Exercise objective: Any picture in the data below gets skipped; print all the rest exactly.

--- Data for this exercise ---

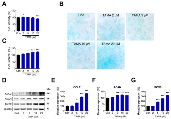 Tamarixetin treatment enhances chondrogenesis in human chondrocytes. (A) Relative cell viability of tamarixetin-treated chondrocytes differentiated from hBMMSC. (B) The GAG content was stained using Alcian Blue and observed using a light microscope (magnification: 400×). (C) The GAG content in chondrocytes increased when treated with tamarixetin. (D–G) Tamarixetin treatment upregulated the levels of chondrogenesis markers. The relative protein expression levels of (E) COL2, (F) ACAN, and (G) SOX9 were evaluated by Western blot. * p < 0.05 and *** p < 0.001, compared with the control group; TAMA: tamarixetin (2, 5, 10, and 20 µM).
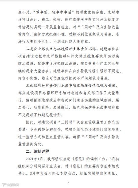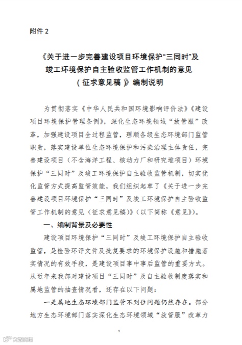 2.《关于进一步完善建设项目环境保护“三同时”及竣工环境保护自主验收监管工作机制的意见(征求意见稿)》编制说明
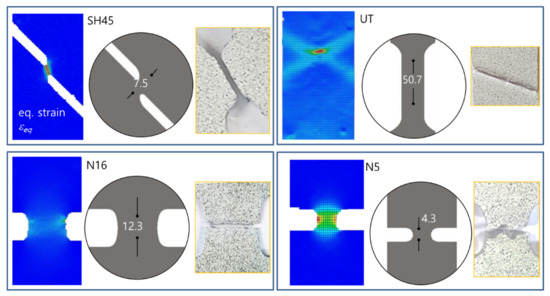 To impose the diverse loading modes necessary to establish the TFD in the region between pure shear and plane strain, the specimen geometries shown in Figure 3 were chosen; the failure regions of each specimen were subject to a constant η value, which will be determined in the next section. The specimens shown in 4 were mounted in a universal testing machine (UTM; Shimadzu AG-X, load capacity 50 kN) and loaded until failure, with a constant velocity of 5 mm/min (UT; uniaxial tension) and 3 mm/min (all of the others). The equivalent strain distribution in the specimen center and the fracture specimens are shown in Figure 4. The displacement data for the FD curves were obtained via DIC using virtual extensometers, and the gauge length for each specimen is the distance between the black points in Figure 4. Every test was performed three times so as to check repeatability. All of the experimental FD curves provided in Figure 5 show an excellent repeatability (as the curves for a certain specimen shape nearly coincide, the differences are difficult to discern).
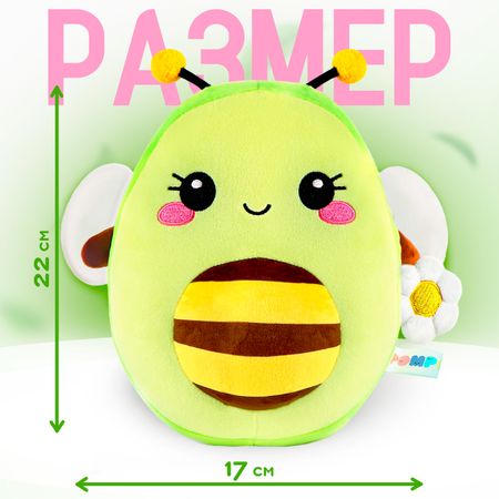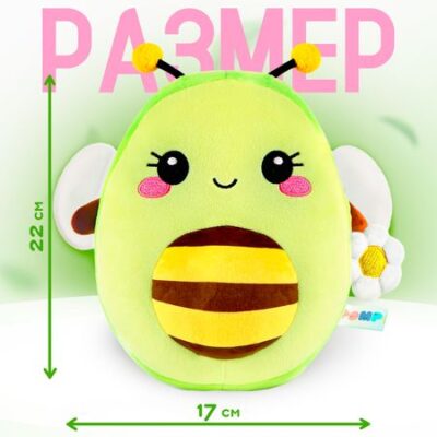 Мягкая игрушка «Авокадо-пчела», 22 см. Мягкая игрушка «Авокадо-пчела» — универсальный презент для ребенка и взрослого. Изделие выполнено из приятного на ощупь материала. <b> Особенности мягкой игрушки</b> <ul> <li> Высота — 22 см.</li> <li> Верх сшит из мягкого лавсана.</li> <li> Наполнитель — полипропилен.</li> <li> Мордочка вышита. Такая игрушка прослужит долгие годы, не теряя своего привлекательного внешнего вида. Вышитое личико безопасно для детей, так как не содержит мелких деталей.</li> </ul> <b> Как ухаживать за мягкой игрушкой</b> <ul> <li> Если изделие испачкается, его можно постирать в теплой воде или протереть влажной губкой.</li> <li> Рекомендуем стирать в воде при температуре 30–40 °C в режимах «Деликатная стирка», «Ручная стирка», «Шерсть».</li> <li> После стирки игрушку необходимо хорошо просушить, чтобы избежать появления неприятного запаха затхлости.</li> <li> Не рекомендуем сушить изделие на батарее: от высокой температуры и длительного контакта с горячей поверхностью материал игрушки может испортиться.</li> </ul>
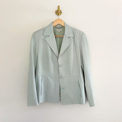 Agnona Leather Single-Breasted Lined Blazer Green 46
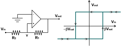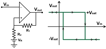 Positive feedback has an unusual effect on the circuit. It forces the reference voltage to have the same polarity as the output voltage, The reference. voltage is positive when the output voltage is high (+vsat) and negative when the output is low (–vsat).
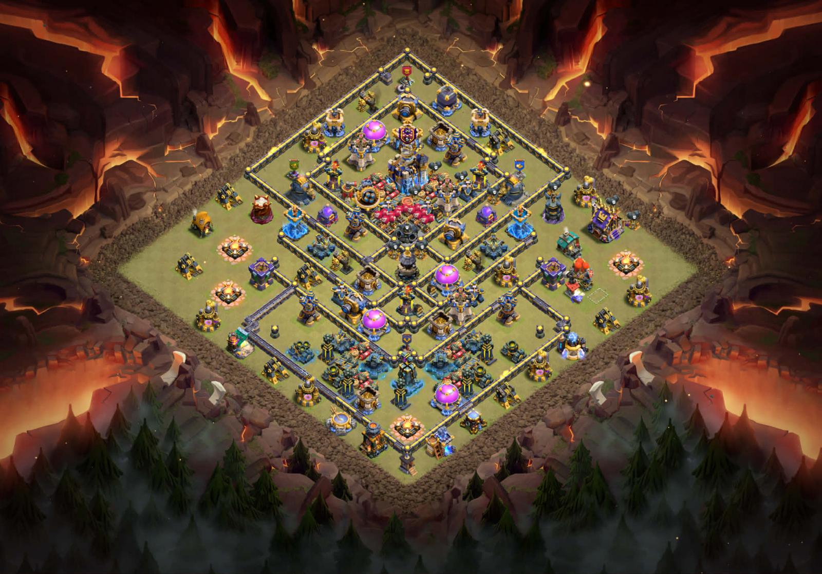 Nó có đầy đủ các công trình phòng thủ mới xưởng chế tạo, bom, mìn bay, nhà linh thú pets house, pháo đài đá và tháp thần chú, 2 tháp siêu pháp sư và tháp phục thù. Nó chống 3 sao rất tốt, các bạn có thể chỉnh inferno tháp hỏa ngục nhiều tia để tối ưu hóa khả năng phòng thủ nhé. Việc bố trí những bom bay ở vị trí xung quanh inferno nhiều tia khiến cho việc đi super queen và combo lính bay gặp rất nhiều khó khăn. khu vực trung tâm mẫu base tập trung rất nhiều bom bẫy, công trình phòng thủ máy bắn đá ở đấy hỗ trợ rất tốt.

---

Your response:
 Tamarixetin treatment enhances chondrogenesis in human chondrocytes. (A) Relative cell viability of tamarixetin-treated chondrocytes differentiated from hBMMSC. (B) The GAG content was stained using Alcian Blue and observed using a light microscope (magnification: 400×). (C) The GAG content in chondrocytes increased when treated with tamarixetin. (D–G) Tamarixetin treatment upregulated the levels of chondrogenesis markers. The relative protein expression levels of (E) COL2, (F) ACAN, and (G) SOX9 were evaluated by Western blot. * p < 0.05 and *** p < 0.001, compared with the control group; TAMA: tamarixetin (2, 5, 10, and 20 µM).
 2.《关于进一步完善建设项目环境保护“三同时”及竣工环境保护自主验收监管工作机制的意见(征求意见稿)》编制说明
 To impose the diverse loading modes necessary to establish the TFD in the region between pure shear and plane strain, the specimen geometries shown in Figure 3 were chosen; the failure regions of each specimen were subject to a constant η value, which will be determined in the next section. The specimens shown in 4 were mounted in a universal testing machine (UTM; Shimadzu AG-X, load capacity 50 kN) and loaded until failure, with a constant velocity of 5 mm/min (UT; uniaxial tension) and 3 mm/min (all of the others). The equivalent strain distribution in the specimen center and the fracture specimens are shown in Figure 4. The displacement data for the FD curves were obtained via DIC using virtual extensometers, and the gauge length for each specimen is the distance between the black points in Figure 4. Every test was performed three times so as to check repeatability. All of the experimental FD curves provided in Figure 5 show an excellent repeatability (as the curves for a certain specimen shape nearly coincide, the differences are difficult to discern).
 Мягкая игрушка «Авокадо-пчела», 22 см. Мягкая игрушка «Авокадо-пчела» — универсальный презент для ребенка и взрослого. Изделие выполнено из приятного на ощупь материала. <b> Особенности мягкой игрушки</b> <ul> <li> Высота — 22 см.</li> <li> Верх сшит из мягкого лавсана.</li> <li> Наполнитель — полипропилен.</li> <li> Мордочка вышита. Такая игрушка прослужит долгие годы, не теряя своего привлекательного внешнего вида. Вышитое личико безопасно для детей, так как не содержит мелких деталей.</li> </ul> <b> Как ухаживать за мягкой игрушкой</b> <ul> <li> Если изделие испачкается, его можно постирать в теплой воде или протереть влажной губкой.</li> <li> Рекомендуем стирать в воде при температуре 30–40 °C в режимах «Деликатная стирка», «Ручная стирка», «Шерсть».</li> <li> После стирки игрушку необходимо хорошо просушить, чтобы избежать появления неприятного запаха затхлости.</li> <li> Не рекомендуем сушить изделие на батарее: от высокой температуры и длительного контакта с горячей поверхностью материал игрушки может испортиться.</li> </ul>
 Agnona Leather Single-Breasted Lined Blazer Green 46
 Positive feedback has an unusual effect on the circuit. It forces the reference voltage to have the same polarity as the output voltage, The reference. voltage is positive when the output voltage is high (+vsat) and negative when the output is low (–vsat).
 Nó có đầy đủ các công trình phòng thủ mới xưởng chế tạo, bom, mìn bay, nhà linh thú pets house, pháo đài đá và tháp thần chú, 2 tháp siêu pháp sư và tháp phục thù. Nó chống 3 sao rất tốt, các bạn có thể chỉnh inferno tháp hỏa ngục nhiều tia để tối ưu hóa khả năng phòng thủ nhé. Việc bố trí những bom bay ở vị trí xung quanh inferno nhiều tia khiến cho việc đi super queen và combo lính bay gặp rất nhiều khó khăn. khu vực trung tâm mẫu base tập trung rất nhiều bom bẫy, công trình phòng thủ máy bắn đá ở đấy hỗ trợ rất tốt.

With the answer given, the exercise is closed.